MIT researchers have come up with new ways to use artificial intelligence to design nanoparticles that can provide RNA vaccines and other types of RNA therapies more efficiently.
After training machine learning models to analyze thousands of existing delivery particles, researchers used it to predict new materials that would work even better. This model allowed researchers to identify particles that work well in different types of cells and discover ways to incorporate new types of material into the particles.
“What we did was to accelerate the identification of the optimal mix of ingredients of lipid nanoparticles and apply machine learning tools to help target different cell types or incorporate a variety of materials that are much faster than before.”
The approach could dramatically speed up the process of developing new RNA vaccines and therapies that can be used to treat obesity, diabetes and other metabolic disorders, researchers say.
Former MIT Postdoc Alvin Chan is currently an assistant professor at Nanyang Technological University and currently an assistant professor at the University of Minnesota, Ameya Kirtane is the lead author of the new open access research that is emerging today. Natural Nanotechnology.
Particle Prediction
RNA vaccines, such as the SARS-COV-2 vaccine, are usually packaged in lipid nanoparticles (LNPs) for delivery. These particles prevent mRNA from degradation in the body and help enter the cells after it is injected.
Creating particles that handle these jobs more efficiently can help researchers develop more effective vaccines. Additionally, better delivery vehicles can facilitate the development of mRNA therapies that encode genes for proteins that can be useful in treating a variety of diseases.
In 2024, Traverso’s lab launched a multi-year research program funded by the U.S. Advanced Research Projects Agency (ARPA-H) to develop new ingestible devices that can achieve oral delivery of RNA therapy and vaccines.
“Part of what we’re trying to do is develop ways to produce more protein, for example, for therapeutic applications. Maximizing efficiency is important to increase the amount of cells that can be produced,” says Traverso.

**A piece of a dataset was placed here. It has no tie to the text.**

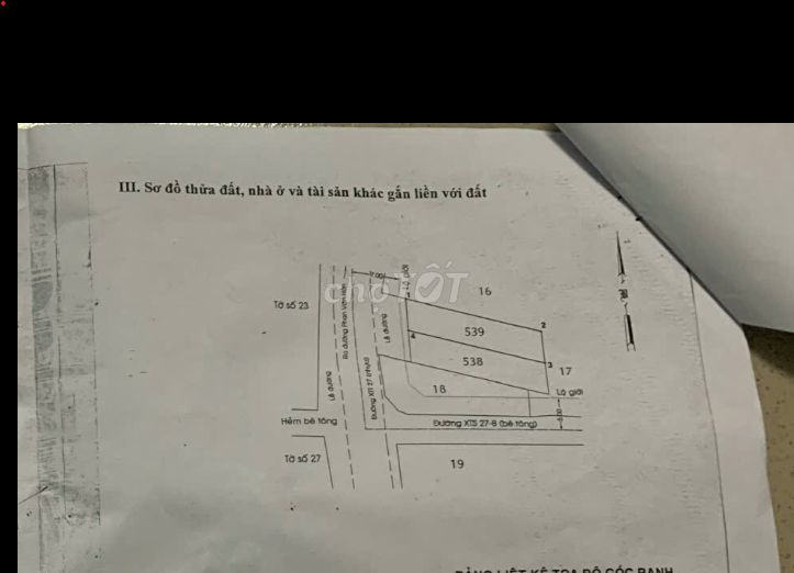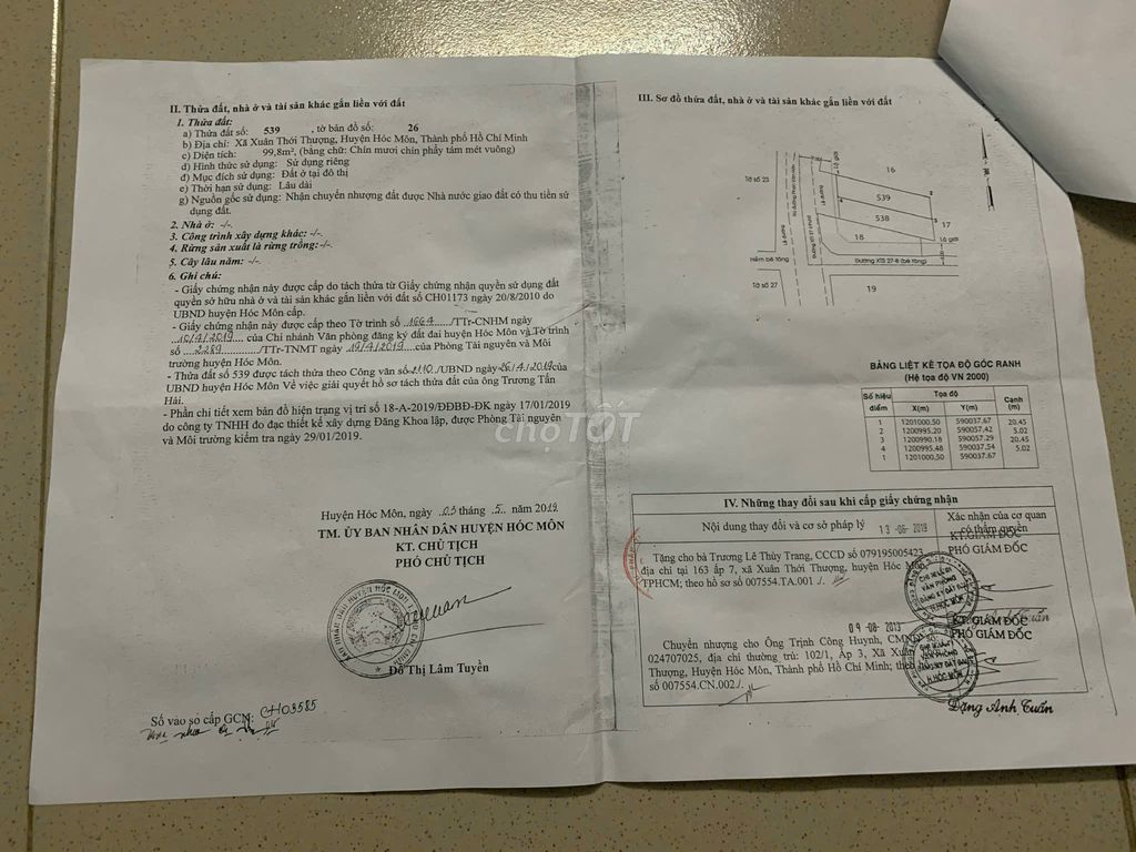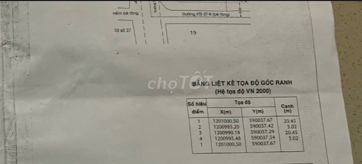 Bán đất mặt tiền hẻm xe hơi, đường XTT-27 Diện tích đất 5x20 = 100m2 full thổ cư, giấy tờ sổ hồng hợp lệ, công nhận đầy đủ

Typical LNPs are made up of four components: cholesterol, helper lipids, ionizable lipids, and lipids attached to polyethylene glycol (PEG). Various variations of each of these components can be exchanged to create a huge number of possible combinations. Modifying these formulations and testing each individually is very time-consuming, so Traverso, Chan, and their colleagues decided to resort to artificial intelligence to speed up the process.

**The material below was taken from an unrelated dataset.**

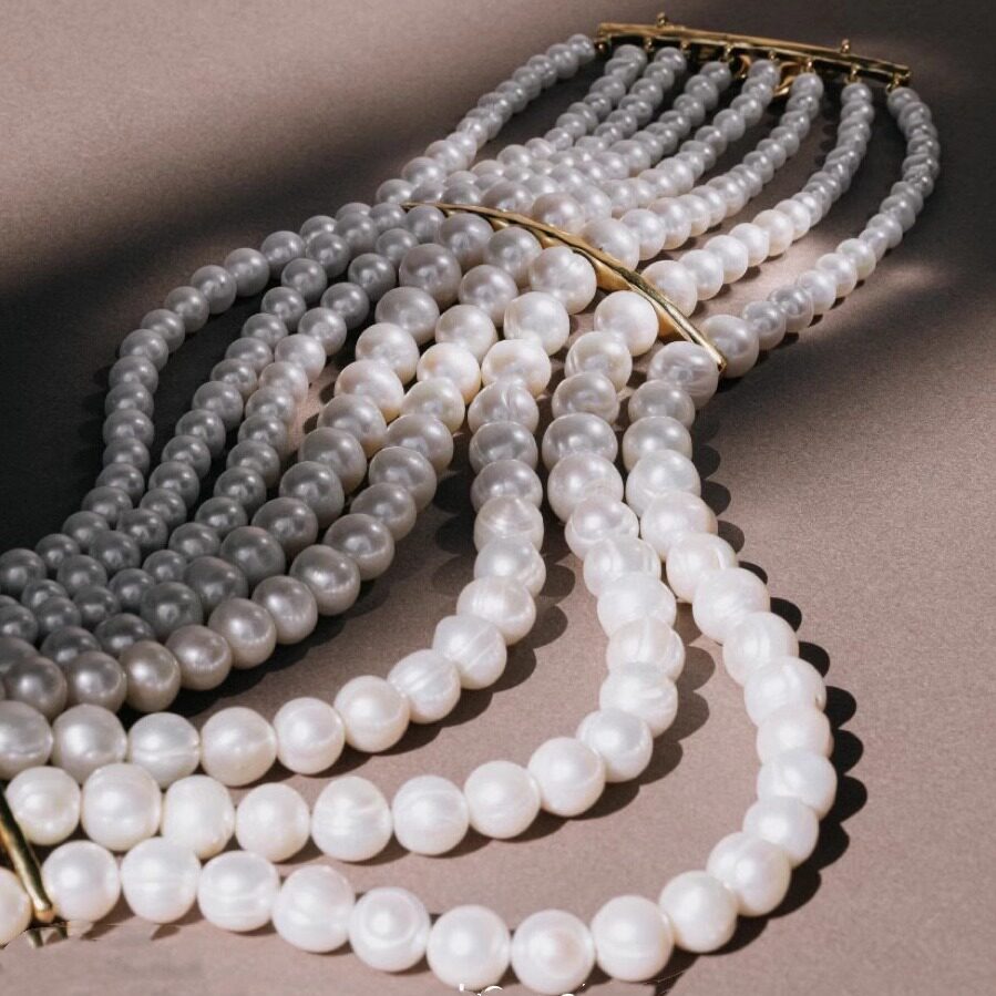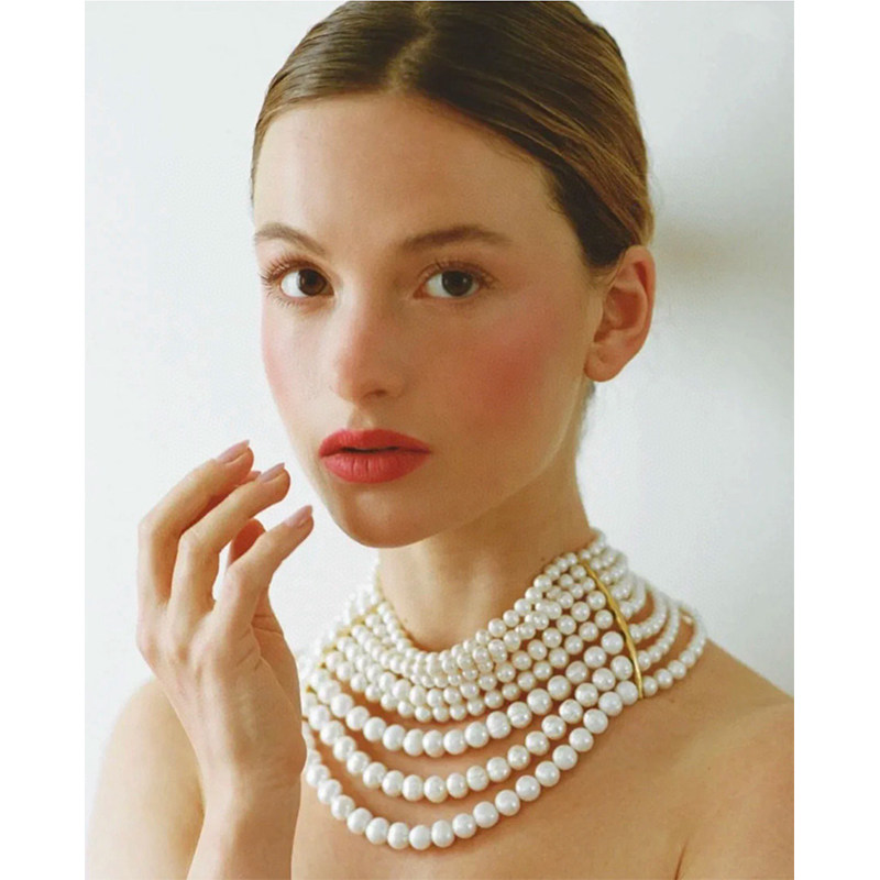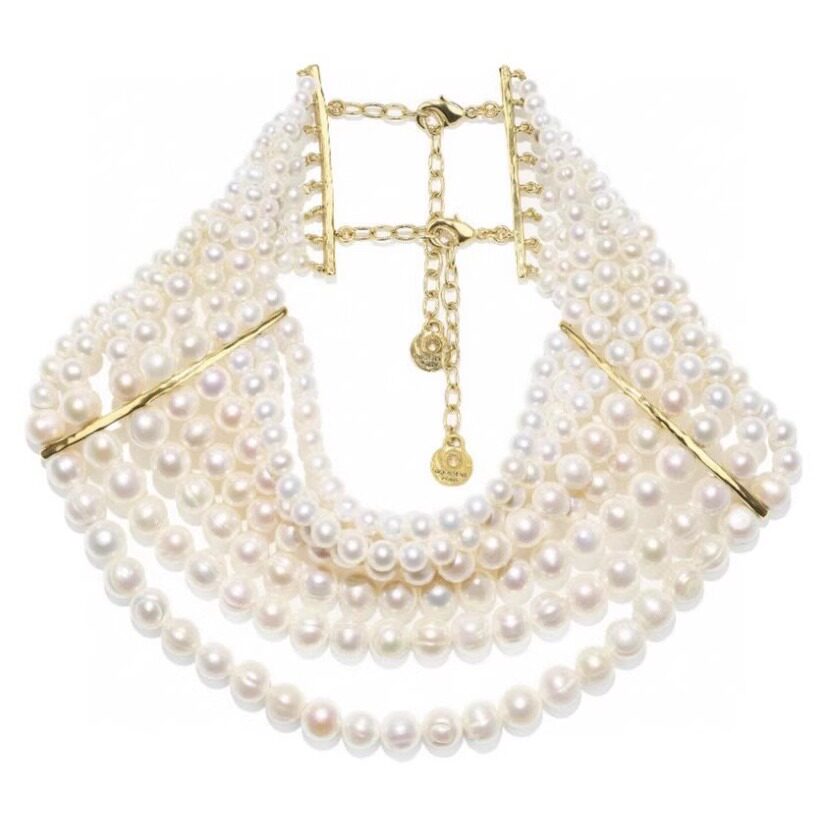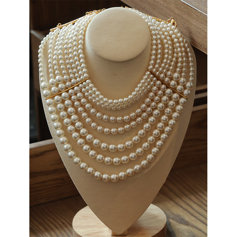 yuwelry欧美法式手工多层琉璃天然珍珠夸张气质项链ckher颈链礼服

“Most AI models of drug discovery focus on optimizing a single compound at once, but that approach does not work with lipid nanoparticles made of multiple interacting components,” says Chan. “To address this, we developed a new model called Comet, inspired by the same transformer architecture that runs large-scale language models like ChatGpt. Just as these models understand how words form meaning, Comet learns how different chemical components combine in nanoparticles and affect their properties.
To generate training data for machine learning models, researchers created a library of approximately 3,000 different LNP formulations. The team tested each of these 3,000 particles in the lab to see how efficiently the payload could be delivered to cells, and fed all this data to a machine learning model.

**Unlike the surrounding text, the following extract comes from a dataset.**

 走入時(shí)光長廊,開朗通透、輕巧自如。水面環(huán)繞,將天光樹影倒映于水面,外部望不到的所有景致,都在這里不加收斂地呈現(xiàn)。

After the model was trained, the researchers asked to predict new formulations that would perform better than existing LNPs. They tested these predictions by using a new formulation to supply mRNA encoding fluorescent proteins to mouse skin cells grown in lab dishes. They found that the LNP predicted by the model actually performs better than the particles in the training data, and in some cases better than commercially used LNP formulations.
Accelerated development
Researchers began asking additional questions after showing that the model could accurately predict particles that would efficiently provide mRNA. First, they wondered whether they could train a model on nanoparticles that incorporates a fifth component known as branched polybeta aminoesters (PBAEs).
Research by Traverso and his colleagues showed that these polymers can effectively deliver nucleic acids themselves, so they wanted to investigate whether adding them to LNPs would improve the performance of LNPs. The MIT team created a set of approximately 300 LNPs containing these polymers and used them to train the models. The resulting model can predict additional formulations using PBAE, allowing for better behavior.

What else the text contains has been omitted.